That is because No direct upgrade from XP to W7. If you need to upgrade, the you have to upgrade XP to VISTA then VISTA to W7!


----------



## DoubleHelix (Dec 10, 2004)

sepala said:


> That is because No direct upgrade from XP to W7. If you need to upgrade, the you have to upgrade XP to VISTA then VISTA to W7!


That's how you would do an in-place upgrade retaining all programs and settings. But you can do a "custom" upgrade install from XP to 7 which essentially results in a semi-"clean" install.


----------



## sepala (May 20, 2010)

> That's how you would do an in-place upgrade retaining all programs and settings. But you can do a "custom" upgrade install from XP to 7 which essentially results in a semi-"clean" install.


DoubleHelix,
Could you please explain that?

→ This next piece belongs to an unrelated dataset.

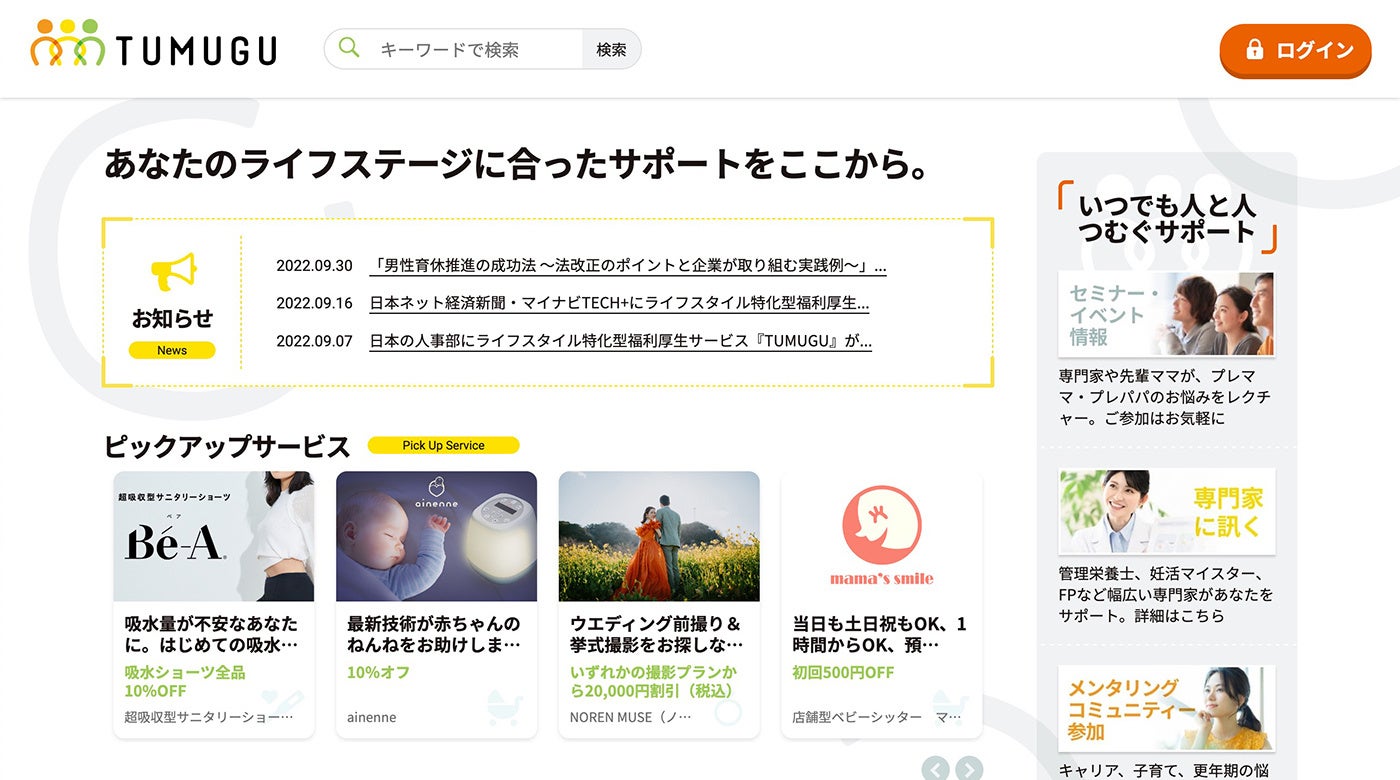 プレスリリース【10/1施行 産後パパ育休(出生時育児休業)推進応援!】ライフステージ特化型福利厚生サービス「TUMUGU」提供開始

I didn't understand..If I can do something like that, THAT IS GREEEEAAAAAATT!!!!!!!!!!!!


----------



## DoubleHelix (Dec 10, 2004)

Explain what? You put the Windows 7 disk in and install. If you're running Windows XP, your only choice will be a "custom" install which will wipe out the Windows XP installation including all data and programs. The Windows 7 disk walks through the whole process.


----------



## sepala (May 20, 2010)

> Explain what? You put the Windows 7 disk in and install. If you're running Windows XP, your only choice will be a "custom" install which will wipe out the Windows XP installation including all data and programs. The Windows 7 disk walks through the whole process.


ahhhhhhhhh.....okok..I got that..I thought some other thing.


----------